Cuando la fe ha iluminado la razón, el “logos” se ha hecho “palabra”, no palabra gramática, sino palabra recibida, la cual se convierte en el corazón del hombre en respuesta y confesión del amor de Dios. Al ser palabra recibida, la fe se hace vivencia y llena así de alegría y esperanza al hombre, le brinda una ruta en la vida y un motivo para compartir. Por eso la fe es un don fungible, que puede transmitirse, una luz que brilla para ser compartida y encender la llama de la verdad en otros corazones y formar unidad en Cristo, pues, como dice San Agustín, “el alma de todos nosotros se hace una por la fe que profesamos, y todos nosotros cuantos creemos en Cristo, por la unidad del cuerpo que formamos, somos también un hombre.”[17]

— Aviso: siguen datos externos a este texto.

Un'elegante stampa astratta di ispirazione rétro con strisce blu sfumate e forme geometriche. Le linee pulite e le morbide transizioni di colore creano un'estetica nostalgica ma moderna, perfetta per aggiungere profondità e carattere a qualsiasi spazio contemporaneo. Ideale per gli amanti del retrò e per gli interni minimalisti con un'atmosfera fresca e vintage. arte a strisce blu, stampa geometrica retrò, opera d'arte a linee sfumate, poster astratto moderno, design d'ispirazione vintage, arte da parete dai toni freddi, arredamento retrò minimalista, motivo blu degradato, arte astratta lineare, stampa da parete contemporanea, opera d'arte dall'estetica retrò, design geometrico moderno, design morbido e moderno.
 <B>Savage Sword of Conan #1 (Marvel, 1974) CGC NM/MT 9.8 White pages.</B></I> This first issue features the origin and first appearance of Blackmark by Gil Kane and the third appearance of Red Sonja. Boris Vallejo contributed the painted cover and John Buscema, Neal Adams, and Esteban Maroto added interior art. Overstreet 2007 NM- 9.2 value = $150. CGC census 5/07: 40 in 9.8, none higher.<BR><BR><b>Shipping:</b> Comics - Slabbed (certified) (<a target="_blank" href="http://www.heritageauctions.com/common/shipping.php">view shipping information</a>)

Así entonces, como el auténtico hombre cristiano no es un ser aislado, sino que es una persona que, decíamos, se realiza en la comunidad, halla su trascendencia también en el encuentro del otro. Por eso la auténtica fe es también convivencia, porque en la comunidad es donde se vive mejor a Dios; es por ello que los primeros cristianos siempre practicaron y defendieron su fe en comunidad y no de manera aislada. De esta forma, resulta imposible creer, realizar la fe cada uno por su cuenta, porque la fe no es únicamente una opción individual que se hace en la intimidad del creyente; no es una relación exclusiva del “yo” creyente con el “” divino, entre un sujeto autónomo y Dios; por su misma naturaleza, la fe se abre al “nosotros” y se da siempre dentro de la comunidad de la Iglesia.[18]

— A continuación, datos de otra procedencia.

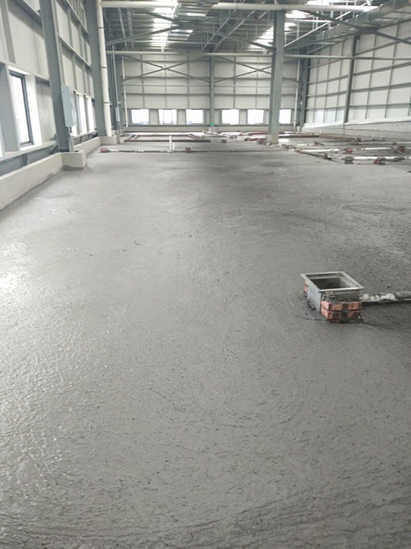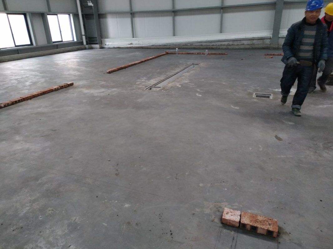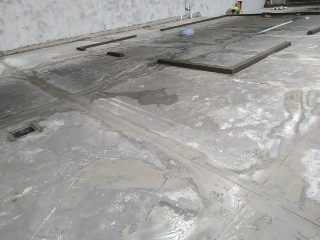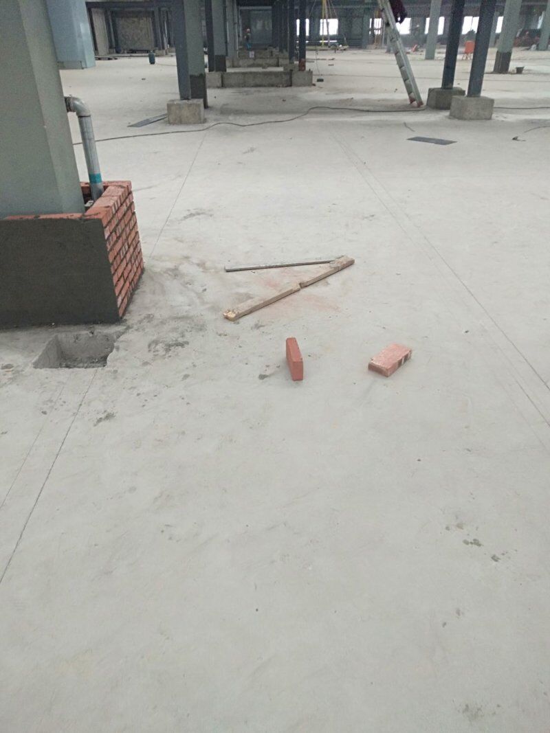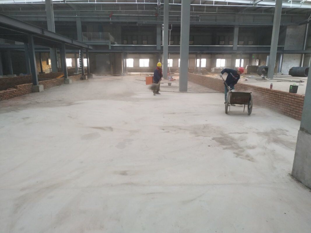 四川吉百興食品有限公司中央廚房施工現場,地坪灑水,放線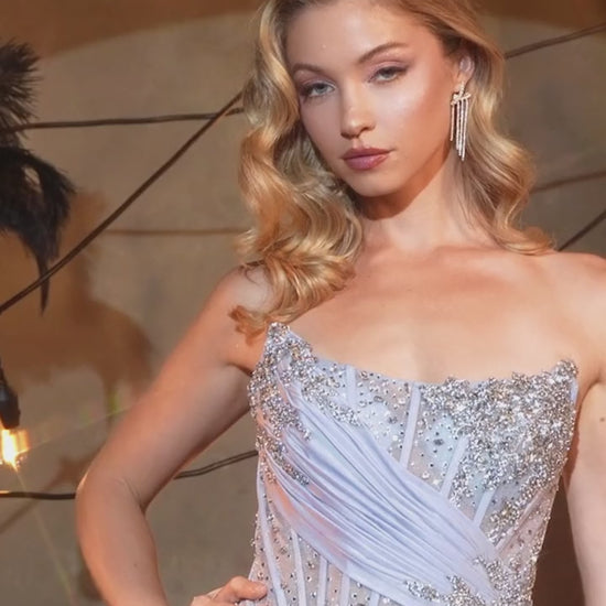 Denne stropløse kjole har et flot, tætsiddende snit med en markeret talje, som giver en pæn og feminin form. Overdelen er pyntet med perler og broderede detaljer, der giver kjolen et elegant udtryk.

De esta forma, nos recuerda el Papa Francisco, que la fe se expresa en la colectividad de la Iglesia mediante el Credo, esa oración que siempre se reza comunitariamente y que, siendo una profesión personal del individuo, se reafirma en la apertura de la congregación de fieles, porque la fe en comunidad del “nosotros” reafirma la Palabra de Dios y el triunfo de Cristo como Salvador: “Anunciamos tu muerte, proclamamos tu resurrección. ¡Ven Señor Jesús!”[19]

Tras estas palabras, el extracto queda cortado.